Lakshmi Kumaran & Sridharan AttorneysAn ISO 9001 / 27001 certified law firm

Copyright protection to works in public domain

25th January, 2012

The United States Supreme Court has held that works in public domain were not excluded from copyright protection. In its decision dated 18th January, 2012, the Court held that the 1994 amendment to ensure conformity of copyright laws with the stipulations of Berne Convention does not violate the First Amendment to the United States Constitution. The 1994 amendment restored copyrights in respect of works from Berne Member countries where copyright was in force at the time of accession but did not enjoy copyright protection in US [Golan v. Holder, No. 10-545].  

The Court held that there was no restriction of right to speech as users of copyrighted material could still avail ‘fair use’ terms for research or education. Also, some restriction on expression is the inherent and intended effect of grant of a copyright. The ruling also observes that it is not only creation of new works which promote science or knowledge, rather dissemination is a better tool for achieving such end. Although post the impugned amendment users would have to acquire right to material at ‘market place’, it would also secure similar rights for US copyright holders in other markets.

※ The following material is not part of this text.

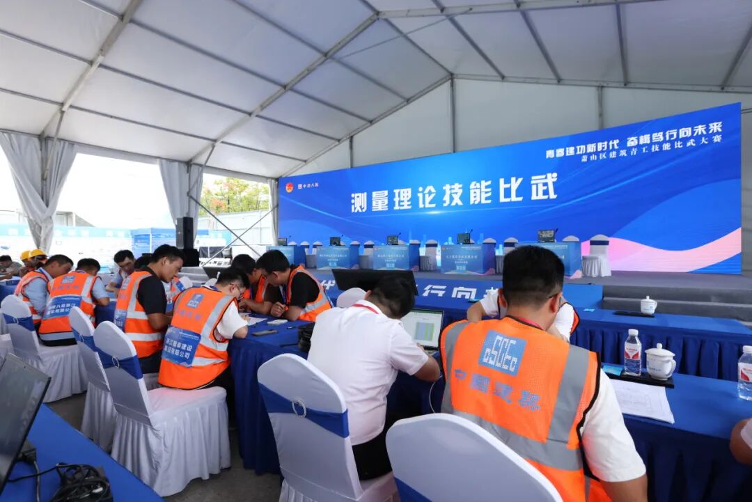 钢筋模架理论技能比武和测量理论考试在主会场先后展开,参赛选手们奋笔疾书,从现行规范及标准、常见案例分析以及计算与应用等方面作答,展现了扎实的知识储备和高超的理论素养。

According to majority view of the Court, the Congress did not exceed its powers under the Copyright Clause to ‘promote progress of science’ by securing limited times (of exclusivity) for authors. Drawing on legislative history and jurisprudence, the Court observed that copyright protection by Copyright Act of 1790 and patent protection [Evans v. Jordan, 9 Cranch 199 (1815)] had been granted in cases where none existed. It noted that the USA was bound to adhere to its obligations under the Berne Convention.

The dissenting view records that copyright is a monopoly right and restoration of rights rewarding persons like heirs, associations or persons who are not creators of the work unnecessarily raises cost of dissemination. Also it points out that Berne Convention does not require Congress to enact a statute that causes so much damage to public domain material and the US could have availed of the flexibility afforded by Article 18(3) to adopt a less restrictive method of compliance.